Kudos to the styling department.

That beard.  And that hair!

Crazy, man, crazy!!

But Riley’s performance is really special.

It touched my heart.

Long ago.

When I first saw this film.

And dare I say, this movie made me appreciate my own family.

It made me miss my folks.

And so I salute Peter Riley and Lifetime and all involved for that effect on my heart.

Jennifer Pisana is really fabulous as the young Liz Murray here.

It’s an unenviable task.

To precede Thora Birch’s entrance.

But Pisana is indispensable to this little masterpiece.

Those sweaters.

And the full pronunciations…”Mommy”…”Daddy”…

Ms. Pisana affects the necessary naïveté to be juxtaposed against the sad schizophrenia of Kelly Lynch (who plays Liz’s mom).

And Lynch is great.

Think Cries and Whispers.

[cris et chuchotements…(( (( ((…et chuchotements]

Robert Bockstael does a fine job as Liz’s teacher David.

Very convincing.  Excellent craftsmanship.

Makyla Smith is piquant in her depiction of Liz’s best friend Chris.

[God…the Magic Marker…and the pine box…fuuuuuuck]

Yes, friends…this is Lifetime Television.

So the brisure (bonjour, monsieur Derrida) is “crap”.

“Crap happens.”

Whoa…watch thy mouth, Kelly Lynch!

So again…Peter Levin does a fantastic job shoehorning a true X-file into PG territory.

We see a syringe here and there.  A tourniquet.

Riley cleaning a spoon.

But the real heartbreak is Wheat Chex with tap water.

Yeah…

Hello Gummo.

Ellen Page has a small role here.

And she’s good.

Fine actress.

But we’ve been waiting to roll out the big gun.

Thora Birch.

On this, her birthday, I am only just now getting towards a handful of reviews honoring her unique thespian gift.

What to say?

That every look is magic?

That every glance is gold?

That she has crafted her microexpressions in solitude…and wielded them like an Arthurian sword for the duration of this flick?

Yes, yes, and yes.

[and an Oxford comma]

Because kids take it for granted.

Rich kids.

Harvard.

Penn.

Princeton.

Maybe…

But even more so the lesser ivied walls.

I won’t name names.

But the spoiled kids.

Not turning in homework.

Bragging about shortcuts.

Those, ultimately, will be life’s losers.

But Liz Murray worked her butt off to get into Harvard.

From sleeping on the B Train.

Four years of high school in two.

And Thora Birch has worked her butt off too.
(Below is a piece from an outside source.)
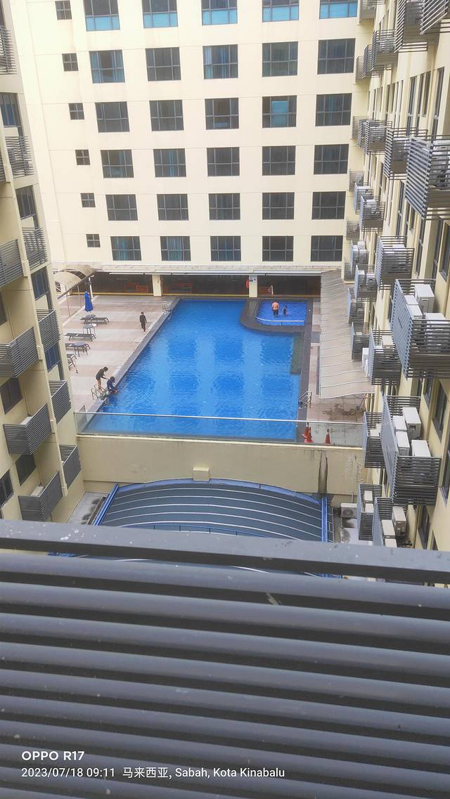 酒店楼下有一个游泳池

She hasn’t gotten the roles her talent deserves.

But the roles she has gotten, she has largely smashed out of the park.

Like the Babe Ruth of leading ladies.

And so there are other actresses I admire.

But Thora Birch was the first.

The first to give me that magical feeling which only Neil Young has adequately described:

“I fell in love with the actress/She was playin’ a part that I could understand”.

Happy Birthday, Thora Birch!

And may all your days and films be filled with the joy which you have put into the world through your cinematic brilliance.